* **Work instructions**: From the line containing "This marbling acrylic" to the line containing "Omega-3 Vegan OceanBlue" in the records below, set down every line exactly as it stands, both ends included, and skip the pictures.

START Stored data

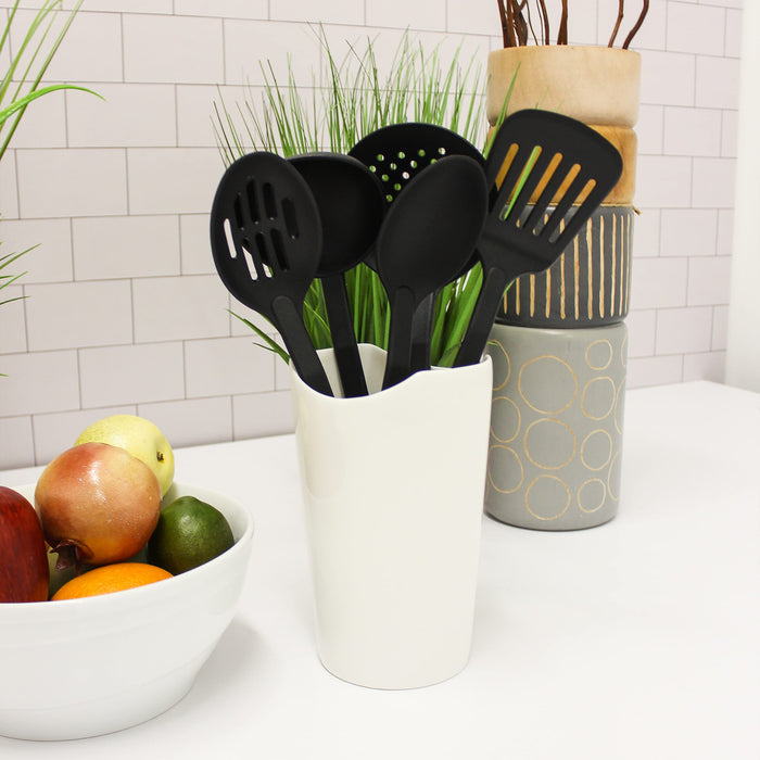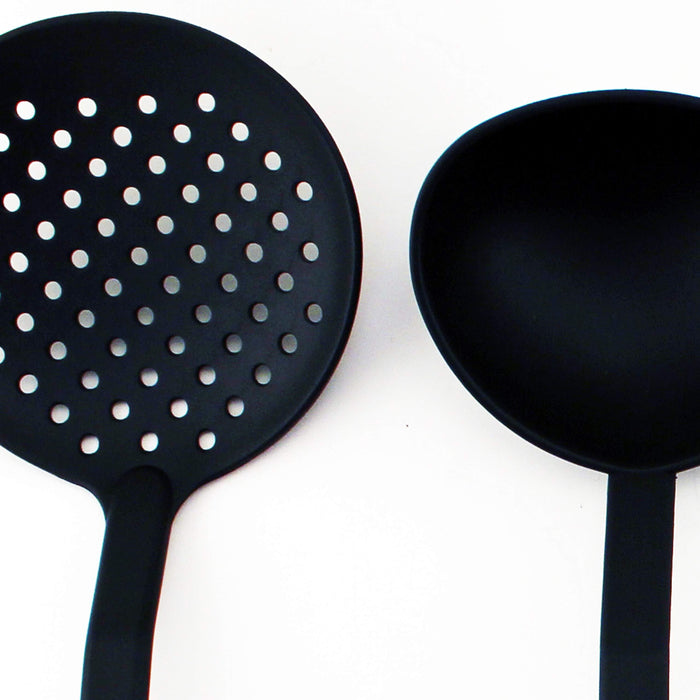- Lightweight nylon skimmer, slotted turner, slotted spoon, solid spoon, ladle with ergonomic handles.
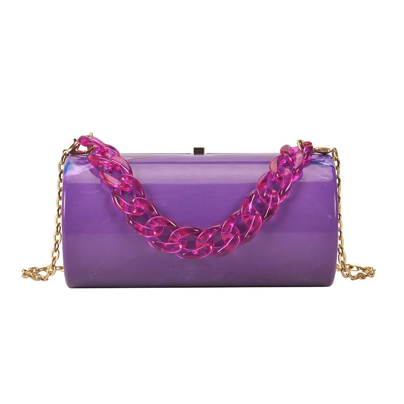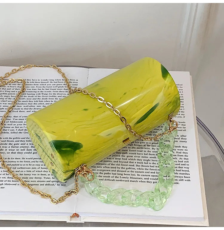 This marbling acrylic box bag is perfect for summer evenings. It features a chain strap, making it ideal for a small shoulder bag or makeup bag.
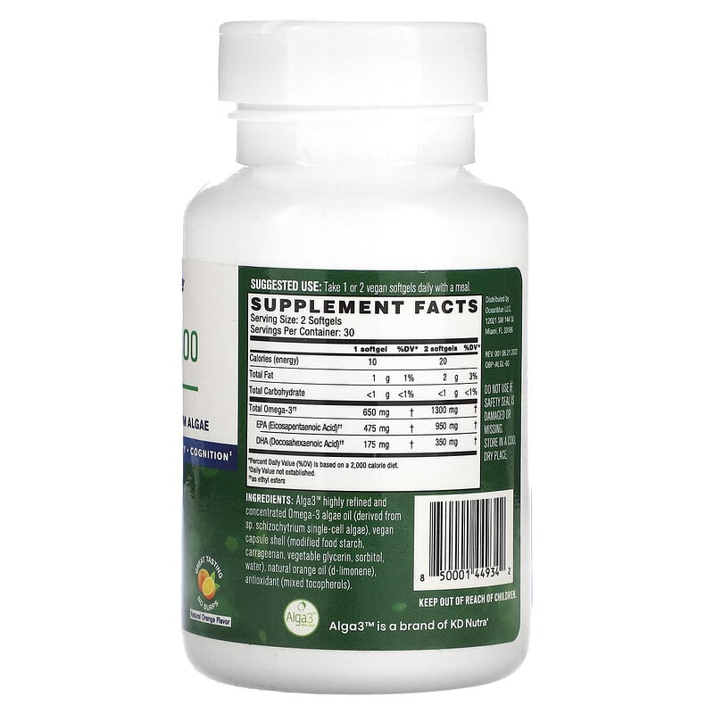 Omega-3 Vegan OceanBlue 1300mg, viên mềm tự nhiên vị cam, hỗ trợ sức khỏe tim mạch, 60 viên, công thức cao cấp., UPC 850001449342
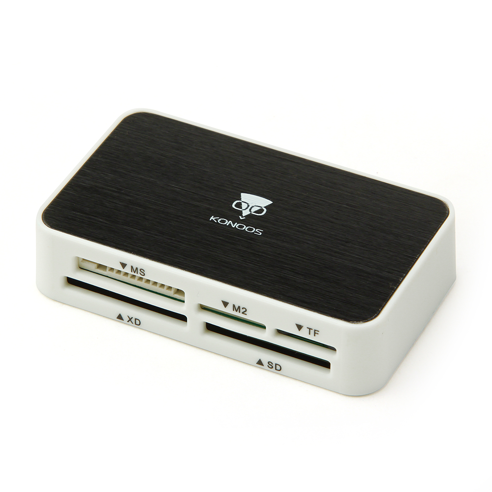 Карт-ридер USB 3.0 KONOOS UK-30; microSD,SD,M2,MS,MMC,TF,XD; черный/белый
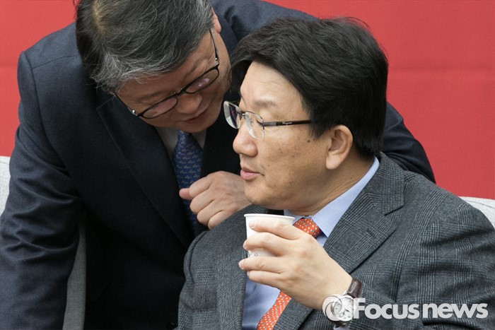 (서울=포커스뉴스) 조원진(왼쪽) 새누리당 원내수석부대표와 권성동 전략기획본부장이 15일 오전 서울 여의도 국회에서 열린 주요당직자회의에 참석해 대화하고 있다.

END Stored data

* **Answer space**:
 This marbling acrylic box bag is perfect for summer evenings. It features a chain strap, making it ideal for a small shoulder bag or makeup bag.
 Omega-3 Vegan OceanBlue 1300mg, viên mềm tự nhiên vị cam, hỗ trợ sức khỏe tim mạch, 60 viên, công thức cao cấp., UPC 850001449342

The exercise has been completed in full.